This function is optimized for real time performance. It is also useful for visualizing progress of the scene reconstruction.
optional sequence<float> cameraPose
This is a sequence of 12 float that stores the camera pose, which user wishes to set in row-major order. Camera pose is specified in a 3 by 4 matrix:
[R | T] = [Rotation Matrix | Translation Vector]
where R = [ r11 r12 r13 ]
[ r21 r22 r23 ]
[ r31 r32 r33 ]
T = [ tx ty tz ]
Camera pose sequense layout should be: [r11 r12 r13 tx r21 r22 r23 ty r31 r32 r33 tz]
Translation vector is in meters.
Promise<VolumePreviewData> getVolumePreview(sequence<float> cameraPose)
Returns the volume datails as a 2D projection image by reconstructing the volume with ray-casting, surface volume normals and surface volume faces for the specified camera pose.
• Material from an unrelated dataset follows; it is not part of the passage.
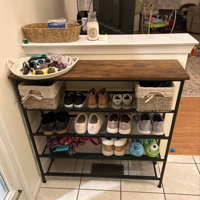 - 5-Tier Storage Rack with Wooden Top: Featuring 4 open shelves, our free standing shoe rack can store 16-20 pairs of shoes at the same time, which is perfect for your leather shoes, high heels, sneakers, slippers, sandals, etc. Besides, it also features a smooth countertop to place your bags, keys, magzines or albums. The wooden top can support up to 88 lbs, while each shelf can hold up to 44 lbs.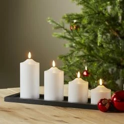Diese Stumpenkerze leuchtet in einem realistischen gelblich-orangen Farbton. Die 3D Flamme zeigt ein leichtes Flackern, das eine romantische und gemütliche Atmosphäre erzeugt.

This method returns a promise.
The promise will be fulfilled with the VolumePreviewData instance if there are no errors.
The promise will be rejected with the DOMException object if there is a failure.

optional sequence<float> cameraPose
This is a sequence of 12 float that stores the camera pose, which user wishes to set in row-major order. Camera pose is specified in a 3 by 4 matrix:
[R | T] = [Rotation Matrix | Translation Vector]
where R = [ r11 r12 r13 ]
[ r21 r22 r23 ]
[ r31 r32 r33 ]
T = [ tx ty tz ]
Camera pose sequense layout should be: [r11 r12 r13 tx r21 r22 r23 ty r31 r32 r33 tz]
Translation vector is in meters.
Promise<VoxelResolution> getVoxelResolution()
To get voxel resolution used by the scene perception module.
Promise<float> getVoxelSize()
Allows user to get length of side of voxel cube in meters.
Promise<CameraIntrinsics> getInternalCameraIntrinsics()
Allows user to get the module working intrinsic parameters.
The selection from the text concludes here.